Critique : Paddington – Un ourson dans la ville

Paddington_Poster

L’ourson le plus célèbre d’Angleterre a fait sa première apparition au cinéma fin 2014. Après de nombreuses aventures racontées dans des ouvrages et séries animées, la créature imaginée par Michael Bond s’est appropriée le grand écran avec panache. Paddington est probablement l’un des meilleurs longs métrages pour enfants de ces deux dernières années.

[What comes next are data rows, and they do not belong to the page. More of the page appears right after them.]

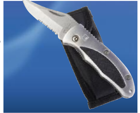
Art. No. 40325

RainLite® TRIMAGIC® mini pocket umbrella, 55 cm / 7 parts, 3-part patented frame, black with chrome-plated steel shaft, opens and closes automatically, specially coated black plastic grip with release button, cover made of 100% polyester with special Teflon® coating, water and dirt resistant, sheath in matching color, windproof design with new Fibertec® rail construction (certified by TÜV technical inspection association), approx. 28 cm long when closed, approx. 98 cm open diameter.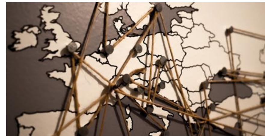
Viaggiare intorno al mondo in un giorno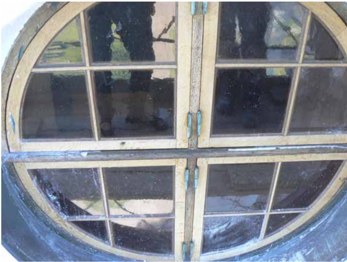
Övre tornfönster efter rengöring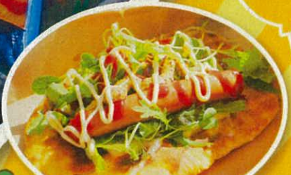
チーズインハンダッグ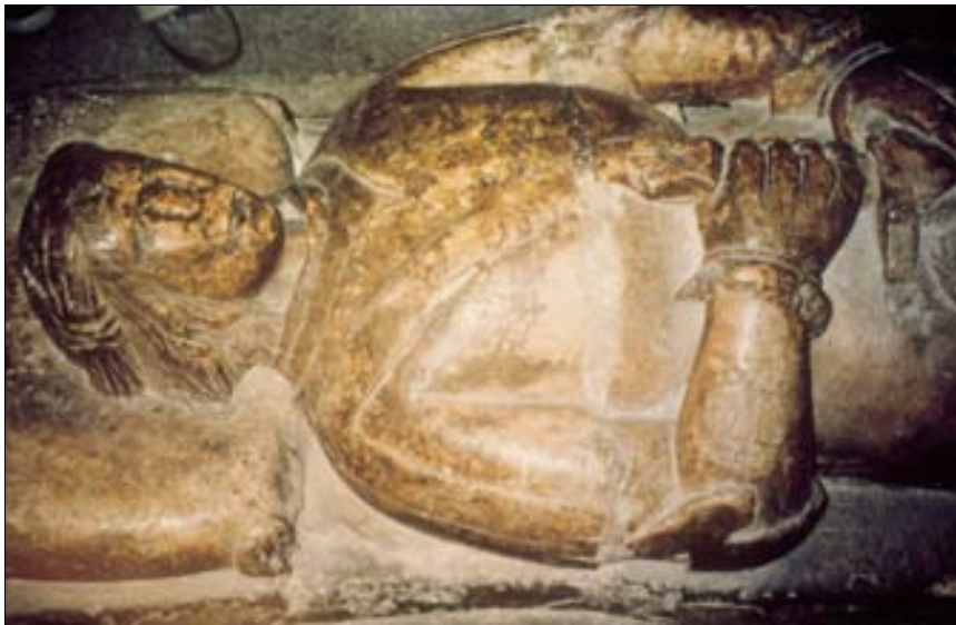
■ Fig. 6. Burgos. Catedral. Caballero de la Banda (s. XV).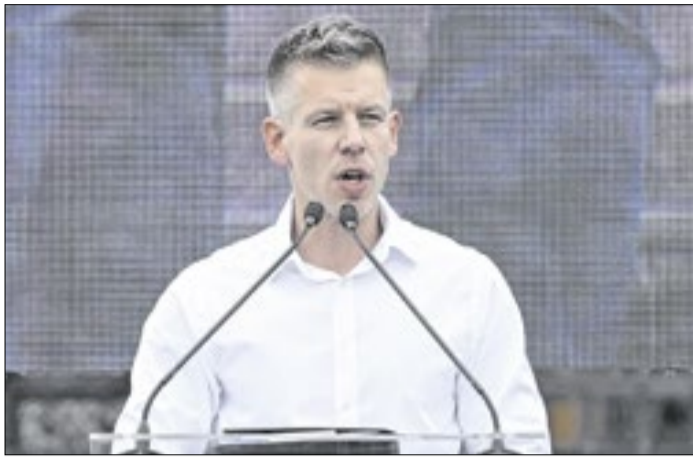
Péter Magyar em discurso à população húngara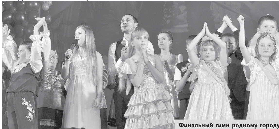
Финальный гимн родному городу

Сцена под стихотворные строчки местных авторов о любимом Суворовкино заполняется всеми, кто славил на празднике родному городу общую прекрасную песню, пробирающая до самых глубин души, прославляющая все поколения суворовкинцев, делавших историю, и будущим, у которых счастливая судьба в городе, лучшем на свете! Зал поднимается навстречу песне и единому порыву радости и гордости за свой богатый на людей и их славные дела край. С днем рождения, Суворовкино! С праздником, суворовкинцы!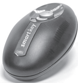
Dimensioni (mm) / Dimensions (mm)

→ LEGGI E CONSERVA QUESTE ISTRUZIONI ← READ AND SAVE THESE INSTRUCTIONS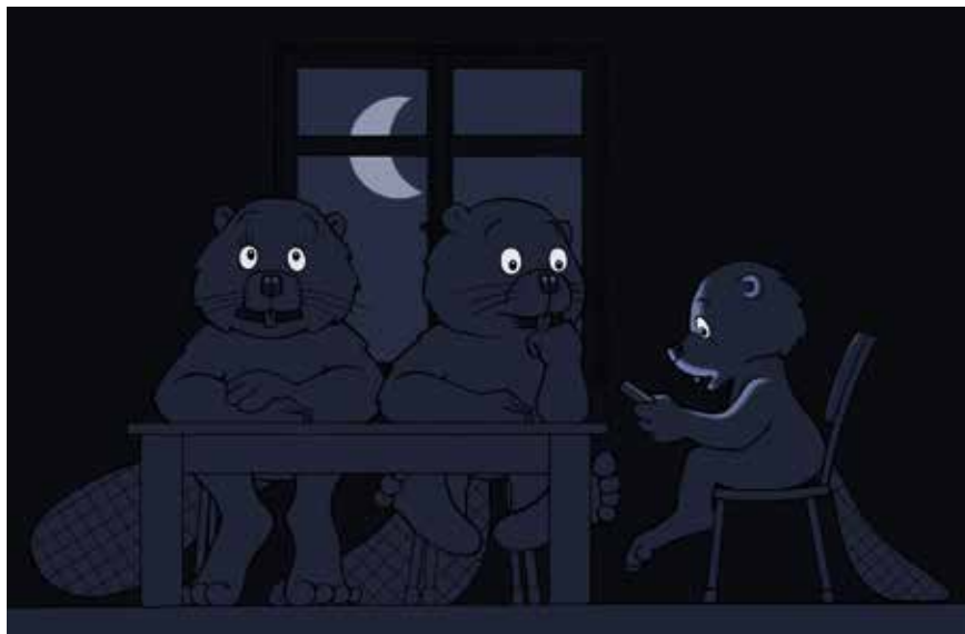
Auch beim ASBiber kann Stromausfall zur Krise werden.

Besonders brisant war die Situation für kranke und ältere Menschen: Das örtliche Krankenhaus ließ rund 40 Patienten aus der Intensivstation evakuieren, in einer Einrichtung für Betreutes Wohnen drohten mit Strom betriebene Beatmungsgeräte auszufallen. In dieser Notsituation kamen auch die Samariterinnen und Samariter des ASB Berlin zum Einsatz. Sie halfen bei der Verlegung der Patienten und stellten kostenfrei Strom für die Bevölkerung bereit. An einem ASB-Einsatzleitwagen konnten Bürger ihre Handys und andere elektrische Geräte aufladen. Eine junge Mutter brachte einen Wasserkocher vorbei, um Babymilch für ihr Kind zu erwärmen. „Man spürte in diesem Ausnahmezustand, wie sich die Menschen näherkamen und gegenseitig halfen“, berichtet der damalige Einsatzleiter Felix Kliche. „Menschen, die normalerweise nicht aufeinandertreffen, kamen plötzlich ins Gespräch und solidarisierten sich. Die gemeinsame Notlage erzeugte ein Gefühl von Zusammenhalt.“ >>

Pour le réalisateur Paul King, il n’était pas question de dénaturer le mythe apprécié dans le monde entier. Paddington est toujours le petit ours du Pérou qui entreprend un grand voyage à Londres pour retrouver l’explorateur accueilli par sa famille bien des années plus tôt.

A partir de l’arrivée de l’ourson dans le royaume, King trouve un bel équilibre entre les gags qui s’enchaînent à vive allure et le côté touchant de son personnage, qui devra s’adapter à la famille Brown. Les Brown ont des traits de caractère très prononcés. Le père ressent un besoin constant de protéger ses enfants au point de les étouffer, la mère est une artiste accomplie et rêveuse, la fille traverse l’âge bête et le fils est un inventeur hors pair. Paddington est évidemment irrésistible et la gouvernante de la famille interprétée par l’excellente Julie Walters rattrape avec un naturel déconcertant les maladresses de l’ours. Rapidement, les liens se créent et Paddington trouve sa place dans une famille aussi farfelue et attachante que lui.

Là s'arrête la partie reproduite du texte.